I still can't get over Hanoi. In about 7 days, I've had about 4-5 OIP related dreams. Then, I wake up to find that it's all over, and that I have to, in the words of good ol' AC, "deal with it".
I think I finally realised why I didn't cry when I was at the airport. It's because of the trials and expriences that I've gone through this year, which has resulted in one thing- accepting things for what they really are. Sure, this year saw my grades drop, CCA position disintegrate, face problems with friends and such, but somehow I got through it. I'm not boasting, I'm sharing.
And so, I think I've become better friends with letting go. And so, on that fateful day, 24th November, I let go.
But enough about the end. It's time to talk about the beginning. Turn back the pendulum.
......................................................
"Now, remember to take your Vitamin Cs" My mom said, Ms Goh said.
"Eh dude, take your Vitamin Cs ah." Ben Goh, my buddy muttered lazily.
"Dude, you haven't taken the Vitamin Cs yet." Me speaking to myself on the 5th day of OIP. I glanced lazily at the Vitamin Cs. I just couldn't be bothered.
So anyway, OIP started with a magnificient packing splendour. I shall not talk about packing, because it is stupid and boring. Look, I'm being immature!
Anyways, when we got to the airport in Hanoi, I sat next to Daniel, and happily stuck my face out of the window on the trip to NTT. I pulled out my face after 5 minutes.
Lesson 1: Air quality in Vietnam isn't THAT bad, but its not as good as Singapore's. So, I learnt that the hard way- through coughing.
Went to the motel thingy, because it was bleeding late, deposited our stuff, my Roomies were Ye Oon, Firdaus, Ben Goh. Hey, not bad at all.
The air temperature there is awesome. Like Japan's when I went there. Seriously, shiok.
First official day there (because on 10th Nov we reached there at night), met our student buddies, a small group of about 20 plus people around our age who were in charge of basically, interacting with us the most. I was busy being my shy, anti-social self to actually take the initiative to talk to them. Stupid me.
And the whole day there i was feeling damn tired, because me, Ben Goh, Ye Oon and Firdaus decided to have "guy's talk" until 3 plus in the morning. Fantastic guys, we grabbed about 1 plus hour of sleep. But I'm guilty of egging you guys on...haha.
Third day, I burst out from being a shy asshole, and instead become more outgoing.
By the 7th Day, I had no shame. I was my usual self, except that both ends of my emotional spectrum were being pushed to the limit, I could be incredibly emo and incredibly high.
Did i mention that during their school carnival on Sunday, I knelt down in the middle of the road in front of the whole school in an angst filled pose? Nah, I probably didn't. No, there wasn't a girl involved. For the better or the worse?

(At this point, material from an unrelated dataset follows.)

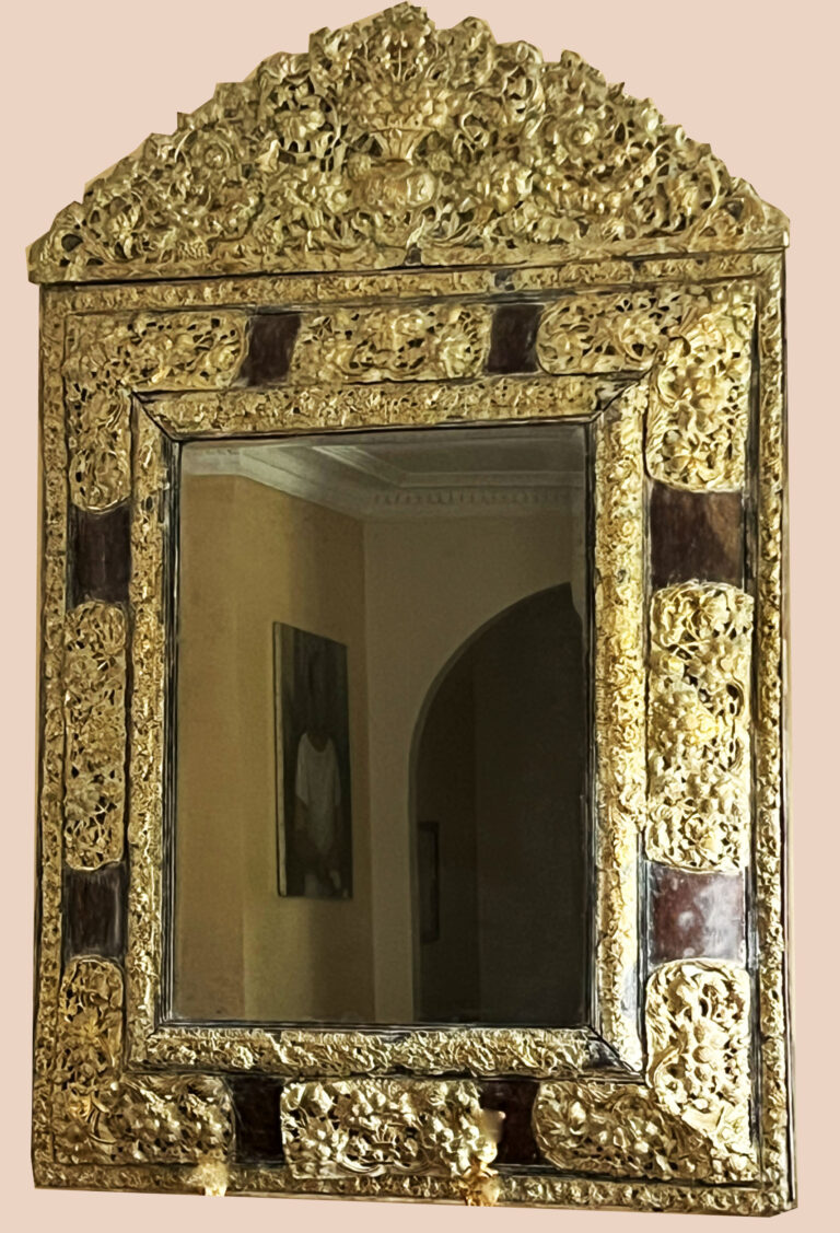 Miroir à fronton en bois et cuivre estampé doré, XVIIe
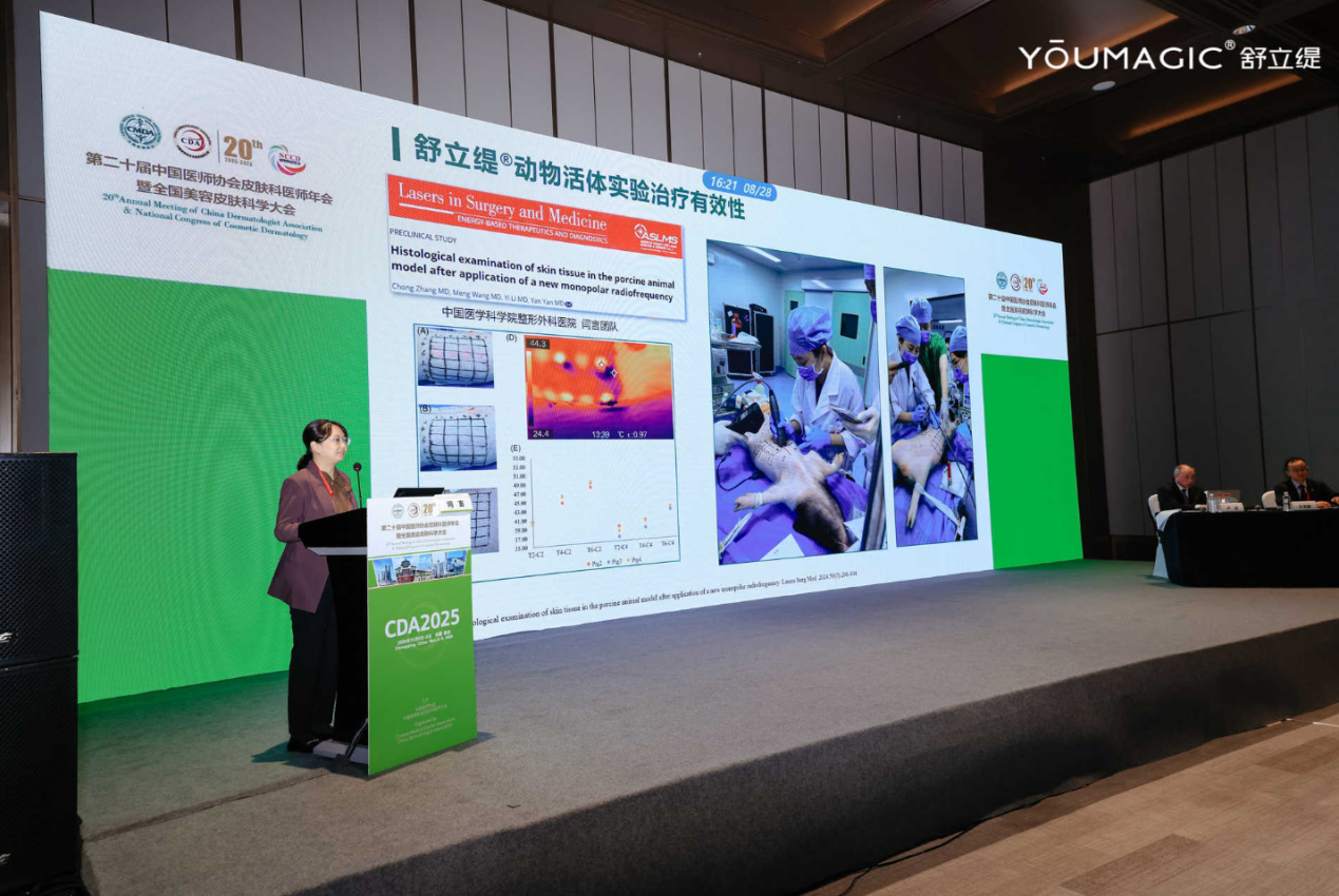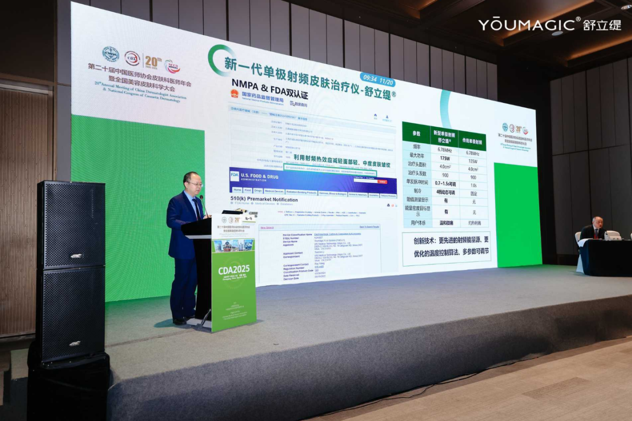 11月6-9日,第二十届中国医师协会皮肤科医师年会暨全国美容皮肤科学大会(CDA2025)在重庆盛大召开,作为国内皮肤科领域的顶级学术盛会,吸引了众多医学专家、科研学者及从业者齐聚。YOUMAGIC舒立缇亮相大会,通过科技感拉满的展位全方位展现“清华基因+医研融合”的技术创新实力,更以“新一代单极射频抗衰创新峰会”与四场技术创新小课堂双线发力,展示专业底蕴与技术深度,赢得行业广泛关注。

So, having no shame meant that I actively talked to anyone I saw, with the exception of people from class observation. Seriously, I felt damn bad talking to them during class ob because it meant that I was distracting them from their lesson. Even if them was a group of cute girls, I held back. Hoho. Yes, I shall go rot in a corner for placing studies in front of soial life.
A major highlight was the High School Musical performance. I suddenly lost my ability to do Helicopter, one of the skills in my freestyle, so I seriously panicked in the 5th and 6th day (7th day was our performance). Meh, but I managed to replace it with a fugly handstand. Good god, I thank Lady Luck that I didn't fall on my ass when freestyling in front of the school.
To sum it up, it was fun. We visited tourist attractions, planned activities together, but what stuck me most was the bonding. A month spent working together intensively can really build relationships.
Still deliberating over the pictures haha. Will decide soon.